ARTIST: Healey, Jeff (Band)
ALBUM: See The Light
LABEL: Arista
SERIAL: 209 441 (LP), 259 441 (CD)
YEAR: 1988


LINEUP: Jeff Healey - vocals, guitar * Joe Rockman - bass * Tom Stephen - drums

TRACK LISTING: 01 Confidence Man * 02 My Little Girl * 03 River Of No Return * 04 Don't Let Your Chance Go By * 05 Angel Eyes * 06 Nice Problem To Have * 07 Someday, Someway * 08 I Need To Be Loved * 09 Blue Jean Blues * 10 That's What They Say * 11 Hideaway * 12 See The Light

WEBLINKS: www.jeffhealeyband.com

Jeff Healey is certainly an interesting story in the annals of rock. Born in Canada and adopted as an infant, he lost sight at the age of one due to a cancer of the eyes. He started learning to play guitar at three, developing a unique style of playing it on his lap and fretting chords and notes in an upside-down manner.

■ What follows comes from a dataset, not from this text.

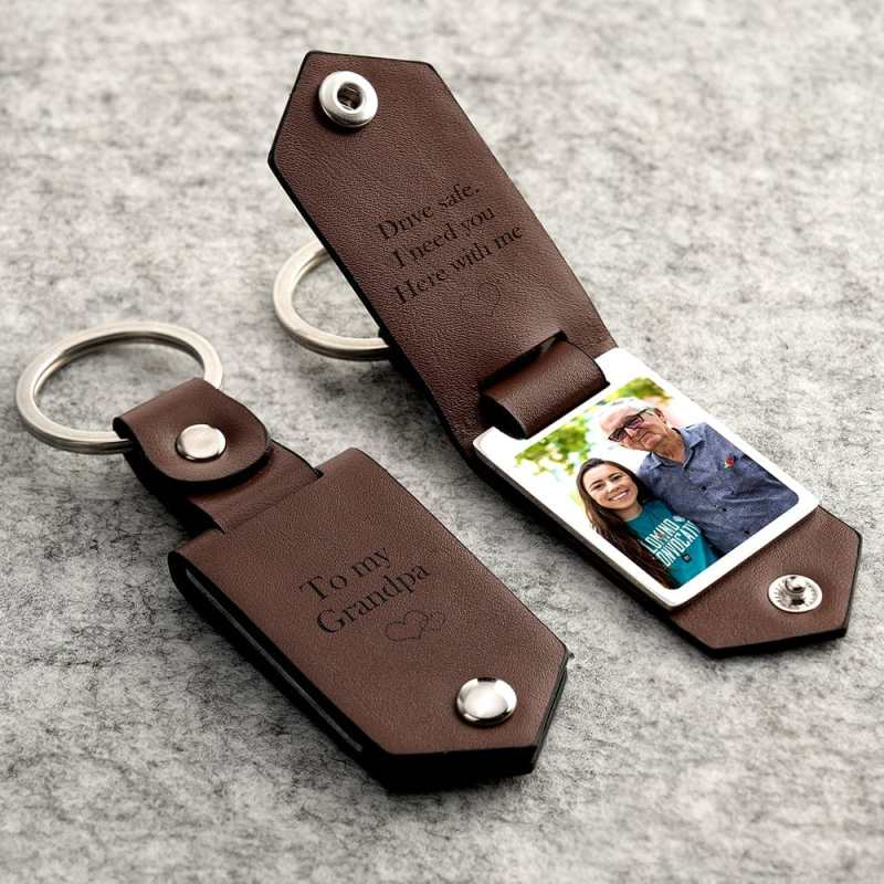 Drive Safe Keychain for Grandpa Custom Leather Keyring with Text Gifts

He became a fixture in the Toronto music scene by his late teens. This led to his discovery, and he and bandmates Joe Rockman and Tom Stephen signed with Arista. They also received considerable exposure by appearing in the Patrick Swayze movie 'Roadhouse' as the house band in the bar.

The Songs
Healey was an avid blues and jazz fan, and this album is heavy on the blues. 'Confidence Man' (the first single) and 'My Little Girl' are your basic 12-bar blues structure. The former is a real scorcher, and you immediately get a sense of Healey's distinct sound. His unique playing style lets him hit notes and bends that you just don't hear from other guys. And he has a voice that works very well with this style of music. The album is a mix of songs penned by Healey and the band as well as other big-name contributors. 'River Of No Return' is more easy-going with a cool guitar riff. In fact, after listening to their first three albums several times the past couple of weeks, I'm reminded how many of these riffs have been stuck in my head since I got the albums over 20 years ago. 'Don't Let Your Chance Go By' is another slower tune. Remember back in the day when you'd get an album when it came out, not really hear anything from it on the radio for several months, and then a song just explodes as a hit single? 'Angel Eyes' was that song in 1989. It was the third single from the album, but it made it all the way to number 5 on the singles charts in the U.S. Great song that deserved its hit status. Next is the mellow 'Nice Problem To Have' which features some nice subdued playing. Nice tune, but I've always found Healey's harder stuff to be more interesting, to be honest. And his mid-tempo material can really shine too, like 'Someday, Someway' and 'I Need To Be Loved'. 'Blue Jean Blues' is the ZZ Top song from their 'Fandango' album of 1975. I've always liked 'That's What They Say', another bluesy tune that works extremely well. The band earned a Grammy nomination for the instrumental 'Hideaway', a nice standard blues song that, while nothing new, is nicely done. The album ends with the scorching title track (and second single), another 12-bar blues workout that contains more fiery fretwork.

In Summary
This album proved to be a nice contrast to the direction that the rock industry was taking in the late 80's, proving that there was still a market for this style of bluesy rock. Healey may have gotten a boost in attention by being known as the blind guitarist with the different way of playing, but he and the band did put together a nice collection of blues and rock that appealed to many. His next album moved more away from the blue sound to more of a hard rock sound.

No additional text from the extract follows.